07:18 Dans ces territoires d'outre-mer, la France, l'État français,
07:21 avait décidé après la guerre qu'il n'y aurait pas de développement
07:25 et que la solution qui serait apportée au non-développement
07:29 serait l'émigration et le contrôle des naissances.
07:31 D'une certaine manière, apparaît déjà cette notion de grand remplacement
07:36 qu'on voit arriver ensuite chez les fascistes, racistes en France.
07:40 Cette idée qu'il y en a trop, il y a trop de personnes,
07:44 mais essentiellement dans le sud global.
07:46 Et que c'est une menace pour le monde,
07:50 le monde développé, d'y développer.

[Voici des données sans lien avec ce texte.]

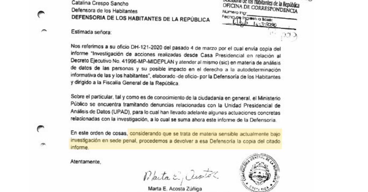 El 11 de marzo, Acosta le respondió a la defensora de los Habitantes: “Sobre el particular, tal y como es de conocimiento de la ciudadanía en general, el Ministerio Público se encuentra tramitando denuncias relacionadas con la UPAD, para lo cual han llevado adelante algunas actuaciones concretas relacionadas con la investigación, a lo cual se suma este informe de la Defensoría”.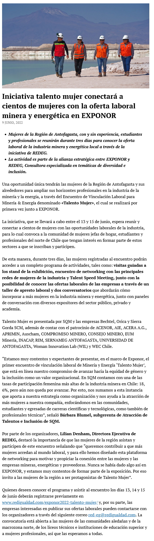 Iniciativa talento mujer conectará a cientos de mujeres con la oferta laboral minera y energética en EXPONOR - (ceinoticias.cl)

07:53 On pourrait faire un parallèle avec aujourd'hui,
07:56 de nouveau, qui a accès beaucoup plus à l'APMA,
08:00 à l'adoption, au fait de ne pas vouloir d'enfant,
08:04 ou de vouloir d'enfant.
08:05 Comme on le rappelait, à Mayotte aujourd'hui,
08:07 l'Agence régionale de la santé,
08:09 donc ce qu'il faut prendre, c'est vraiment un organisme de l'État,
08:12 déclare ça.
08:13 Et alors qu'en France, comme on le rappelait,
08:16 des femmes qui veulent avoir une ligature des trompes
08:20 parce qu'elles ne veulent pas d'enfant,
08:22 vont se retrouver, elles, face à un patriarcat qui va leur dire
08:24 "mais votre rôle en tant que femme, c'est de devenir mère".
08:27 Ce que je voudrais dire, c'est que si nous continuons en France,
08:31 dans la France dite métropolitaine,
08:33 à rester indifférentes et indifférentes
08:37 à ce qui se passe dans ce qu'on appelle les Outre-mer,
08:40 il y a des choses qu'on continuera à ne pas comprendre.
08:42 Vraiment.
08:43 C'est-à-dire que même les injustices qui se passent en France,
08:46 les inégalités, en quoi elles font écho à ce qui se passe là-bas ?
08:51 En quoi elles viennent aussi de là-bas ?
08:53 Mayotte, nous en avons beaucoup parlé,
08:55 le droit du sol est en train d'être révisé là-bas.
08:58 Et Darmanin, le ministre de l'Intérieur, a promis qu'il serait vraiment
09:01 complètement révisé.
09:03 Mais faisons attention.
09:04 Si nous ne faisons pas attention en France métropolitaine
09:07 à ce qui est en train de se jouer, par exemple à Mayotte,
09:09 ou ce qui pourrait se jouer dans un autre territoire,
09:11 cette révision du droit du sol pourrait arriver à tout moment en France.
09:16 De la même manière, la loi sur l'immigration qui va être discutée,
09:20 qui est en train d'être poussée vers ses extrêmes,
09:23 hier, elle s'est déjà expérimentée dans la Guyane française, à Mayotte.
09:28 À celles et ceux qui veulent continuer à contrôler le corps des femmes,
09:32 le corps des trans, le corps des queers,
09:35 le corps des travailleuses du sexe, des travailleurs du sexe,
09:37 le corps des personnes par leur loi patriarcale, raciste, sexiste,
09:44 le combat va continuer et nous vous ferons reculer.
09:48 Nous vous ferons reculer comme nous nous avons fait reculer déjà.
09:51 Nous ne resterons pas passifs.
09:54 Aucun de nous ne restera passif.